Measuring success and avoiding anti‑patterns
Planning poker is not about perfect precision. Success metrics include:
- Reduced rework from misunderstood requirements
- Shorter planning meetings over time as the team gains a common estimation language
- More predictable velocity with fewer missed commitments
Anti‑patterns to avoid: using estimates as promises to stakeholders without accounting for uncertainty, allowing a single voice to dictate estimates, or skipping discussion and treating planning poker as a bureaucratic exercise.
Tools and remote facilitation
Several digital tools replicate planning poker cards and simultaneous reveal, but the rules are the same. When working remotely:
- Ensure good audio/video so everyone can participate.
- Use breakout rooms if the number of stories or team size makes synchronous discussion unwieldy.
- Stick to short timeboxes and a clear facilitator role to maintain momentum.

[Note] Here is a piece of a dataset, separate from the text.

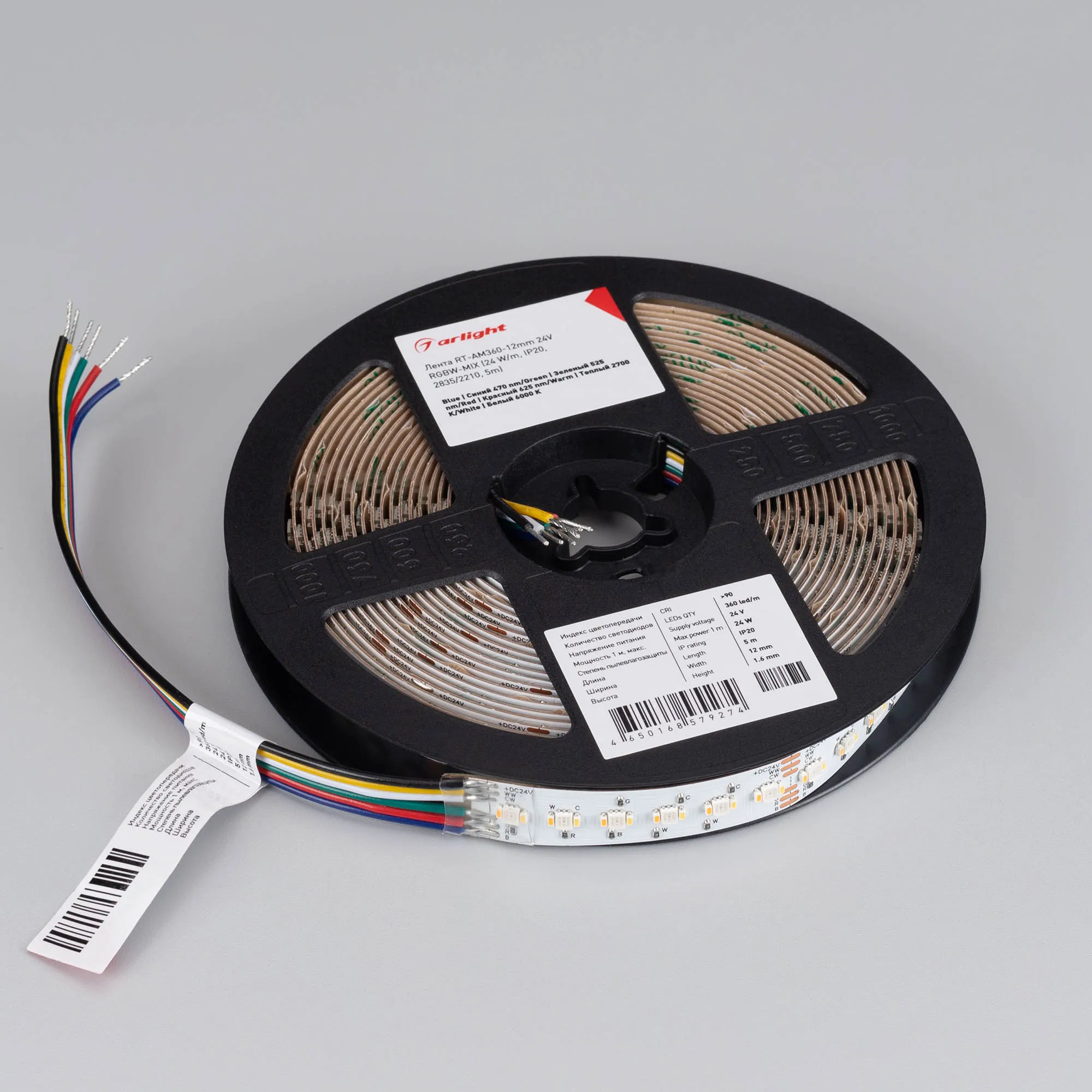 Светодиодная лента RT серии AM360. Светодиоды 2835 + 2210, 360 шт/м (1800 шт на 5 м), белая плата шириной 12 мм, скотч 3M. Цвет RGB+MIX БЕЛЫЙ 6000K + ТЕПЛЫЙ 2700K, индекс цветопередачи CRI>90, угол 120°. Питание 24 В, мощность 24 Вт/м (120 Вт на 5 м). Размеры 5000x12x1.6 мм. Мин. отрезок 50 мм, 18 светодиодов. Цена за 1 м. Обязательна установка на профиль.

When to skip planning poker
Not every backlog item needs an elaborate estimation. Skip detailed planning poker for trivial, well‑understood tasks or when a story is too small to matter — use a simple bucket (T-shirt sizes or binary “small/medium/large”) and move on.
Final checklist: quick planning poker rules summary
- Present one item at a time with clear acceptance criteria.
- Ask clarifying questions, then vote privately.
- Reveal simultaneously and discuss disagreements briefly.
- Re‑vote until consensus or practical agreement is reached.
- Record the estimate, assumptions, and outstanding risks.
Where to learn more
To expand your team's practice, experiment with the variations above, keep a reference story library, and periodically review how estimates track to actuals. For additional tools and community examples, visit keywords for general resources and inspiration. If you want a hands‑on workshop template or a facilitator checklist, check keywords to download materials and sample agendas.
Planning poker rules are deceptively simple: when applied with discipline and empathy they turn estimation into a learning ritual that improves both planning accuracy and team alignment. Start small, reflect on outcomes, and adapt the rules to your team's context — the real value is the conversation that the rules enable.